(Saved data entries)

☆ ☆ ☆ ☆ ☆ ☆ ☆

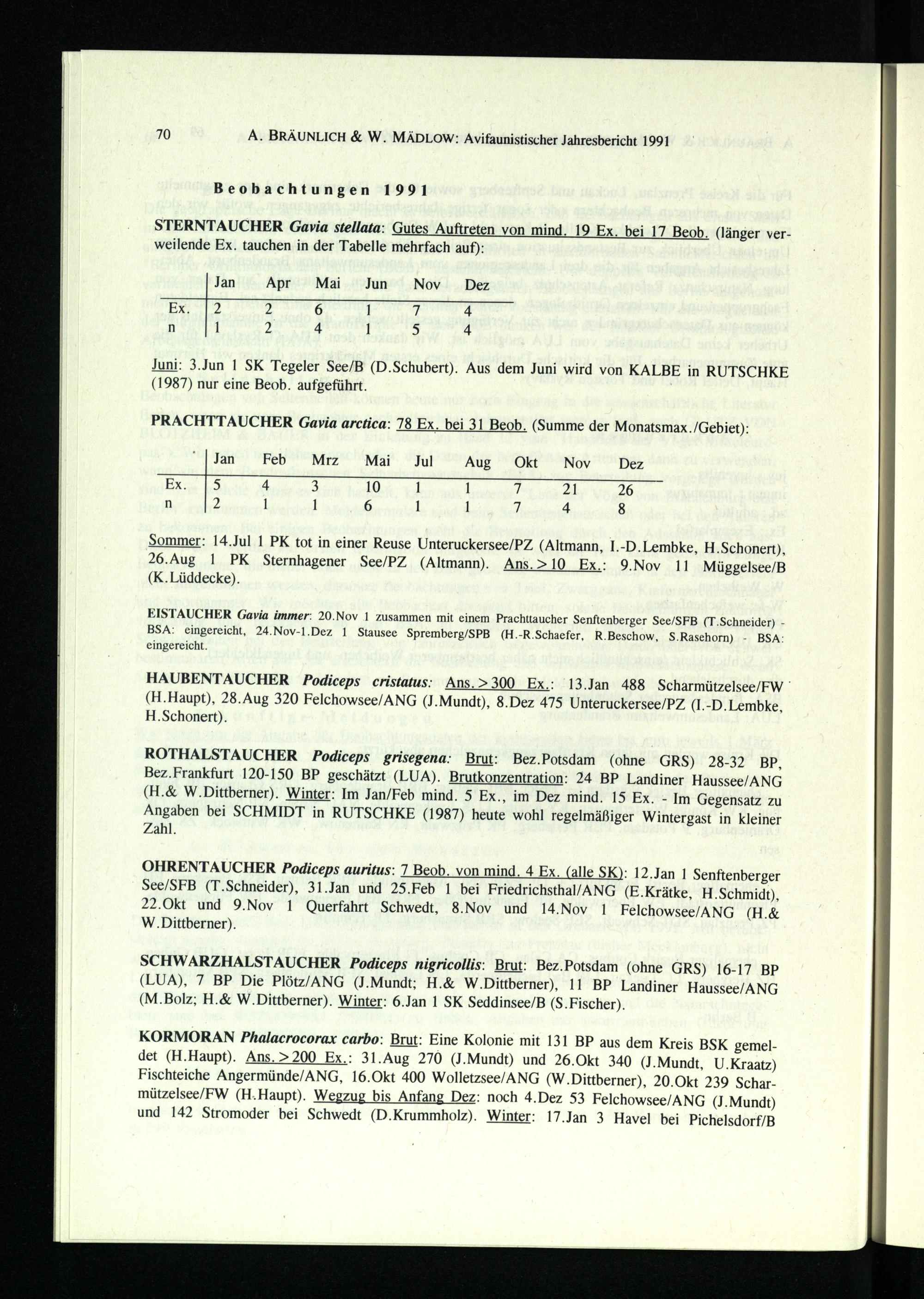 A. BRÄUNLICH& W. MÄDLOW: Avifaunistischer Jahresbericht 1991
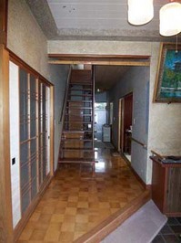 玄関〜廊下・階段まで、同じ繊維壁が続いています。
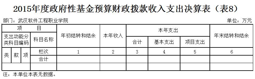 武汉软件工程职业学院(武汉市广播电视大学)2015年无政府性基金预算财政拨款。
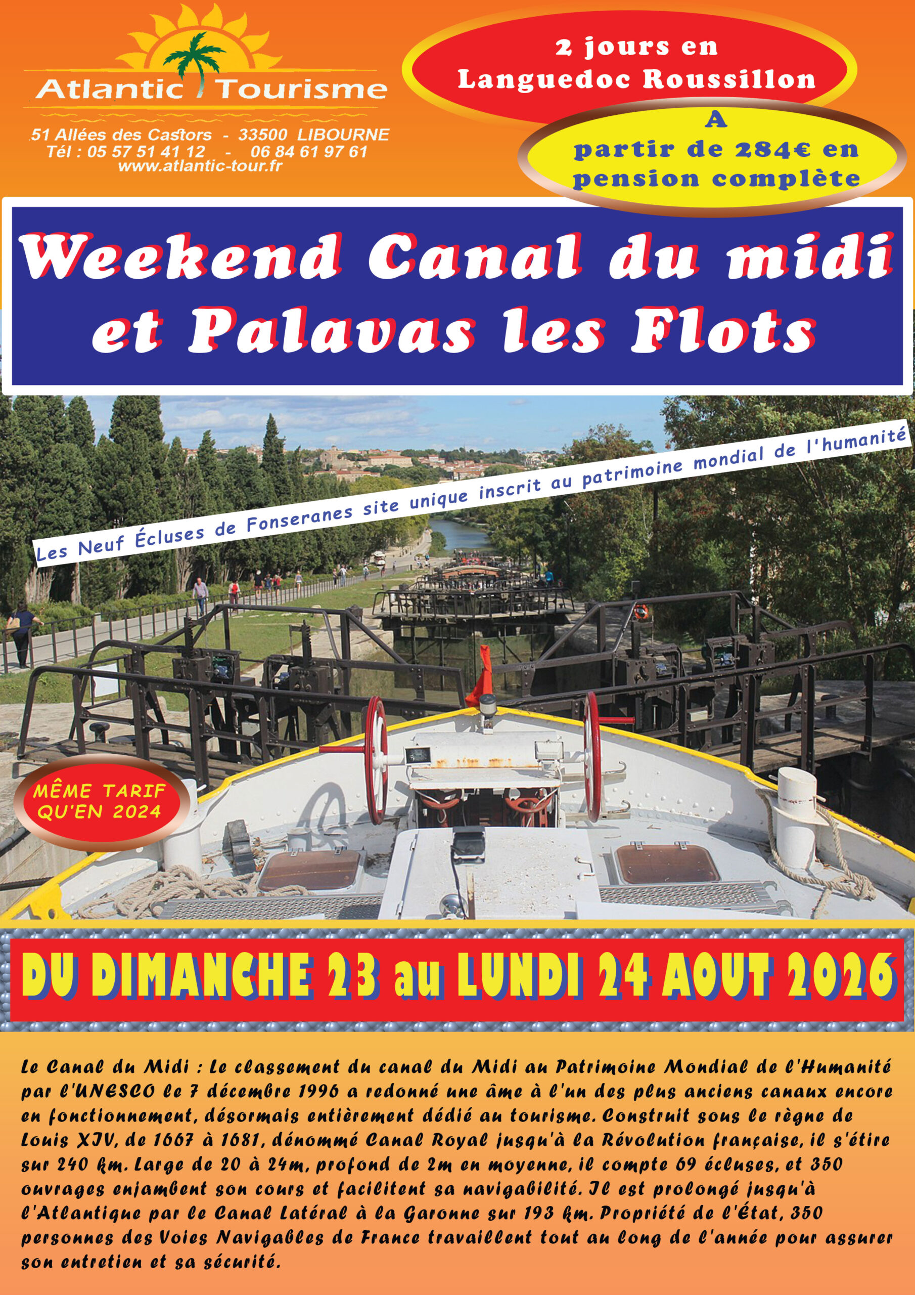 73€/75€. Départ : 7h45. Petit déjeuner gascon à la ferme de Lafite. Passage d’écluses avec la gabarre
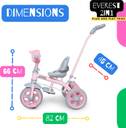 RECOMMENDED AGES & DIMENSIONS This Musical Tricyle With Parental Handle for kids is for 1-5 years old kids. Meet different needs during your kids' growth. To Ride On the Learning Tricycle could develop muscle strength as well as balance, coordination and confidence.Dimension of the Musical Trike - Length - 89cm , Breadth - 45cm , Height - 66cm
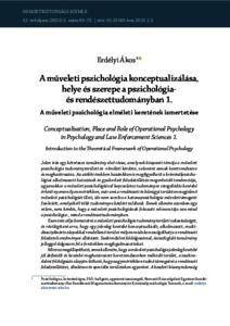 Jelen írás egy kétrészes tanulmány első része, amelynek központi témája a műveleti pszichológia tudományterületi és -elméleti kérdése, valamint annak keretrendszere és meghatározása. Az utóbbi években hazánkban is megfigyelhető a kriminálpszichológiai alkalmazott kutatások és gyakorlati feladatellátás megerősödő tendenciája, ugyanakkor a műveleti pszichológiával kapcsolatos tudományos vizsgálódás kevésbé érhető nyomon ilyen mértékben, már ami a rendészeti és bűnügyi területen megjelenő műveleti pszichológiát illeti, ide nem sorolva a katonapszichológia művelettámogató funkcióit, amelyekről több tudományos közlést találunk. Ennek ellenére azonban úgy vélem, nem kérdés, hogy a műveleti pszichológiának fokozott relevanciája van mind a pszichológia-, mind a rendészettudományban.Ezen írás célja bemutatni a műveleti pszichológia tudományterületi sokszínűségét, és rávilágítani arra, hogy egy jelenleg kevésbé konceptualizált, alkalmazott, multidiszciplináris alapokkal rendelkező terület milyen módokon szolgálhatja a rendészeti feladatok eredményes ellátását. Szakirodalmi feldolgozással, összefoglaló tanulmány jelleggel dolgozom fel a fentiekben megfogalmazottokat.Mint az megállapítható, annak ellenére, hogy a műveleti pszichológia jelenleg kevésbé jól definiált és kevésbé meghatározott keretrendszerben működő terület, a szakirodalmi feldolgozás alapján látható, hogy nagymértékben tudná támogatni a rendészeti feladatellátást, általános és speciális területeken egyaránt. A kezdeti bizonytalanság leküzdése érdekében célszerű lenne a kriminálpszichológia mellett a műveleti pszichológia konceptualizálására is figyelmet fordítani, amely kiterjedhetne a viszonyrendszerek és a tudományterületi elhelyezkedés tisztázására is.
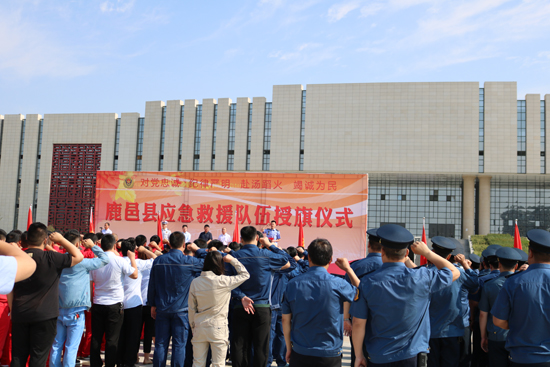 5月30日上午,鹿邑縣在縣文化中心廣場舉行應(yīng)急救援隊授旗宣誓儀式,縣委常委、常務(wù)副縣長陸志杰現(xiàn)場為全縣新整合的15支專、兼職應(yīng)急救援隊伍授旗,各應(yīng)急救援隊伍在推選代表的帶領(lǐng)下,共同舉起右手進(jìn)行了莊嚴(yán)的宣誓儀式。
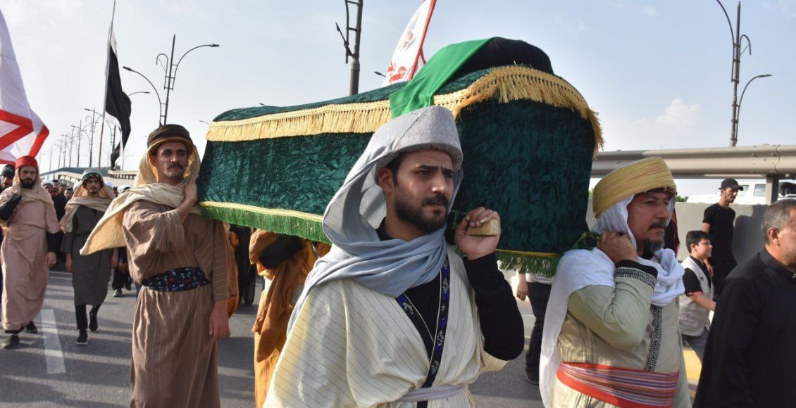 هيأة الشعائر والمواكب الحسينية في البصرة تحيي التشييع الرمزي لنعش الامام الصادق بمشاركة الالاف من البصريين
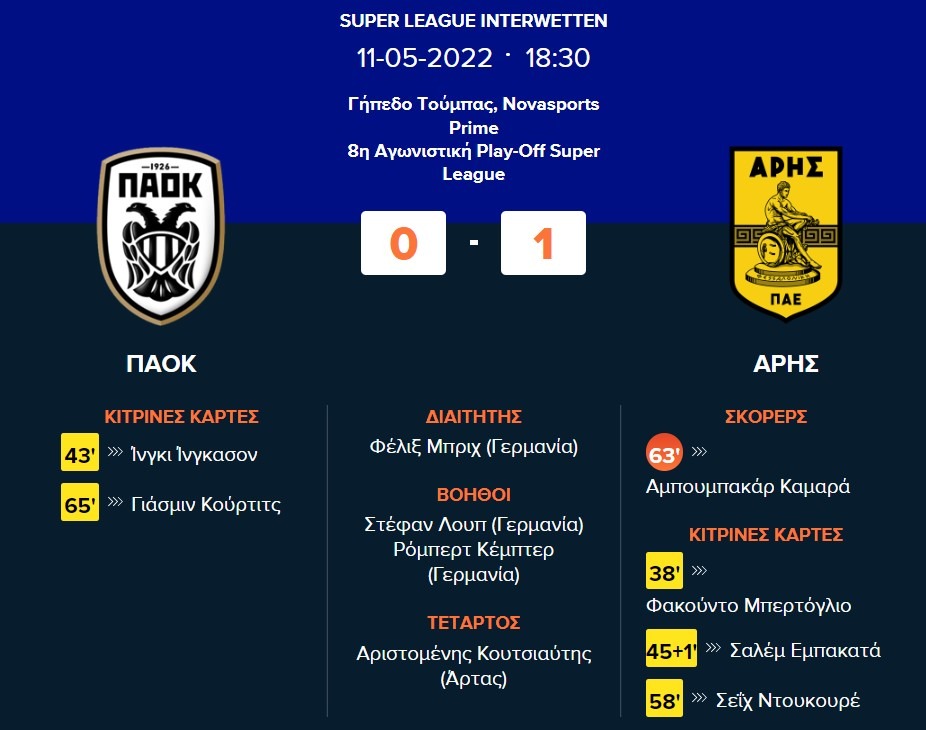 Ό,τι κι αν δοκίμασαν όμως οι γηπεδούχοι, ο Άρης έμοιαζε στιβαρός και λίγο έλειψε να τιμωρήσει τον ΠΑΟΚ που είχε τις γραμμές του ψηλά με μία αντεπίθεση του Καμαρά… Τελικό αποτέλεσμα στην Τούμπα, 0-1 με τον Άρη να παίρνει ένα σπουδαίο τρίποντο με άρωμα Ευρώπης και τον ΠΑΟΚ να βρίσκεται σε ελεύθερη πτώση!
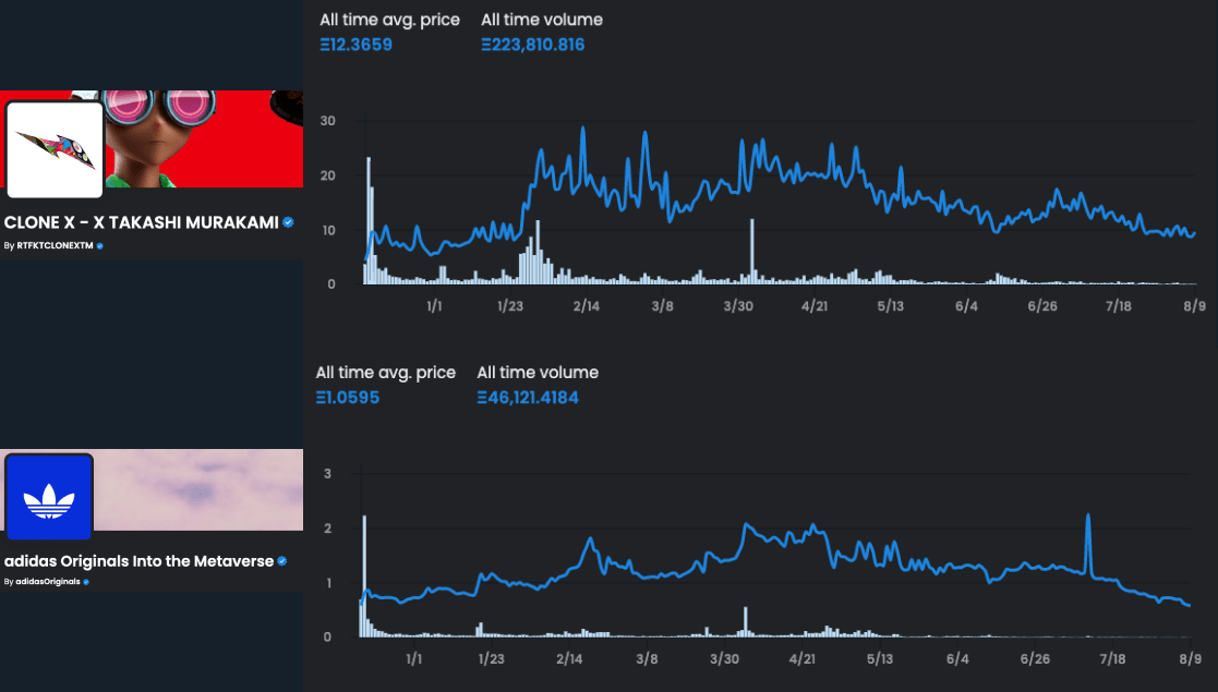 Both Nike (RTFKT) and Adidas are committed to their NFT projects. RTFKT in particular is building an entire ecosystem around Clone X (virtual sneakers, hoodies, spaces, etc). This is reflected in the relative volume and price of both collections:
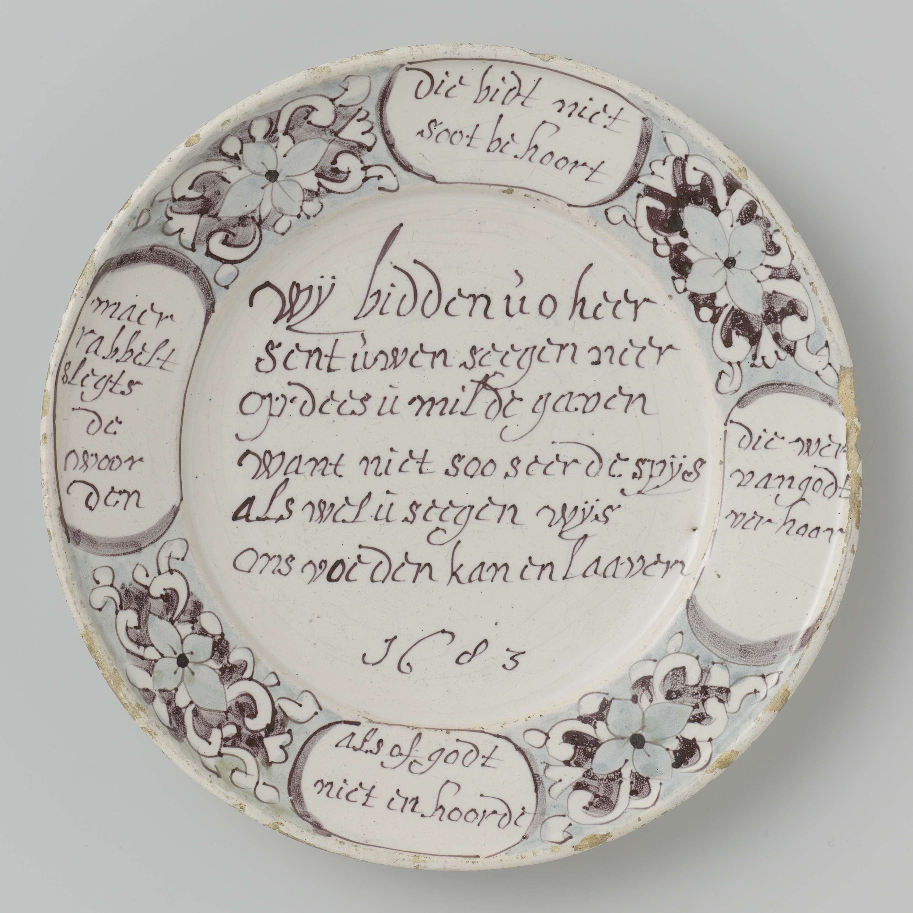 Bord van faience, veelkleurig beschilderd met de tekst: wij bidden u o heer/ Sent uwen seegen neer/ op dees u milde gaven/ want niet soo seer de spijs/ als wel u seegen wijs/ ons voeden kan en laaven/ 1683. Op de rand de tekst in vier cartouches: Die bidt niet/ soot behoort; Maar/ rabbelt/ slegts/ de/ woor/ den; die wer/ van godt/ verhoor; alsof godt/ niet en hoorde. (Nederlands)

☆ ☆ ☆ ☆ ☆ ☆ ☆

Restate the data word for word while omitting each picture.

*Reply*
 A. BRÄUNLICH& W. MÄDLOW: Avifaunistischer Jahresbericht 1991
 玄関〜廊下・階段まで、同じ繊維壁が続いています。
 武汉软件工程职业学院(武汉市广播电视大学)2015年无政府性基金预算财政拨款。
 73€/75€. Départ : 7h45. Petit déjeuner gascon à la ferme de Lafite. Passage d’écluses avec la gabarre
 RECOMMENDED AGES & DIMENSIONS This Musical Tricyle With Parental Handle for kids is for 1-5 years old kids. Meet different needs during your kids' growth. To Ride On the Learning Tricycle could develop muscle strength as well as balance, coordination and confidence.Dimension of the Musical Trike - Length - 89cm , Breadth - 45cm , Height - 66cm
 Jelen írás egy kétrészes tanulmány első része, amelynek központi témája a műveleti pszichológia tudományterületi és -elméleti kérdése, valamint annak keretrendszere és meghatározása. Az utóbbi években hazánkban is megfigyelhető a kriminálpszichológiai alkalmazott kutatások és gyakorlati feladatellátás megerősödő tendenciája, ugyanakkor a műveleti pszichológiával kapcsolatos tudományos vizsgálódás kevésbé érhető nyomon ilyen mértékben, már ami a rendészeti és bűnügyi területen megjelenő műveleti pszichológiát illeti, ide nem sorolva a katonapszichológia művelettámogató funkcióit, amelyekről több tudományos közlést találunk. Ennek ellenére azonban úgy vélem, nem kérdés, hogy a műveleti pszichológiának fokozott relevanciája van mind a pszichológia-, mind a rendészettudományban.Ezen írás célja bemutatni a műveleti pszichológia tudományterületi sokszínűségét, és rávilágítani arra, hogy egy jelenleg kevésbé konceptualizált, alkalmazott, multidiszciplináris alapokkal rendelkező terület milyen módokon szolgálhatja a rendészeti feladatok eredményes ellátását. Szakirodalmi feldolgozással, összefoglaló tanulmány jelleggel dolgozom fel a fentiekben megfogalmazottokat.Mint az megállapítható, annak ellenére, hogy a műveleti pszichológia jelenleg kevésbé jól definiált és kevésbé meghatározott keretrendszerben működő terület, a szakirodalmi feldolgozás alapján látható, hogy nagymértékben tudná támogatni a rendészeti feladatellátást, általános és speciális területeken egyaránt. A kezdeti bizonytalanság leküzdése érdekében célszerű lenne a kriminálpszichológia mellett a műveleti pszichológia konceptualizálására is figyelmet fordítani, amely kiterjedhetne a viszonyrendszerek és a tudományterületi elhelyezkedés tisztázására is.
 5月30日上午,鹿邑縣在縣文化中心廣場舉行應(yīng)急救援隊授旗宣誓儀式,縣委常委、常務(wù)副縣長陸志杰現(xiàn)場為全縣新整合的15支專、兼職應(yīng)急救援隊伍授旗,各應(yīng)急救援隊伍在推選代表的帶領(lǐng)下,共同舉起右手進(jìn)行了莊嚴(yán)的宣誓儀式。
 هيأة الشعائر والمواكب الحسينية في البصرة تحيي التشييع الرمزي لنعش الامام الصادق بمشاركة الالاف من البصريين
 Ό,τι κι αν δοκίμασαν όμως οι γηπεδούχοι, ο Άρης έμοιαζε στιβαρός και λίγο έλειψε να τιμωρήσει τον ΠΑΟΚ που είχε τις γραμμές του ψηλά με μία αντεπίθεση του Καμαρά… Τελικό αποτέλεσμα στην Τούμπα, 0-1 με τον Άρη να παίρνει ένα σπουδαίο τρίποντο με άρωμα Ευρώπης και τον ΠΑΟΚ να βρίσκεται σε ελεύθερη πτώση!
 Both Nike (RTFKT) and Adidas are committed to their NFT projects. RTFKT in particular is building an entire ecosystem around Clone X (virtual sneakers, hoodies, spaces, etc). This is reflected in the relative volume and price of both collections:
 Bord van faience, veelkleurig beschilderd met de tekst: wij bidden u o heer/ Sent uwen seegen neer/ op dees u milde gaven/ want niet soo seer de spijs/ als wel u seegen wijs/ ons voeden kan en laaven/ 1683. Op de rand de tekst in vier cartouches: Die bidt niet/ soot behoort; Maar/ rabbelt/ slegts/ de/ woor/ den; die wer/ van godt/ verhoor; alsof godt/ niet en hoorde. (Nederlands)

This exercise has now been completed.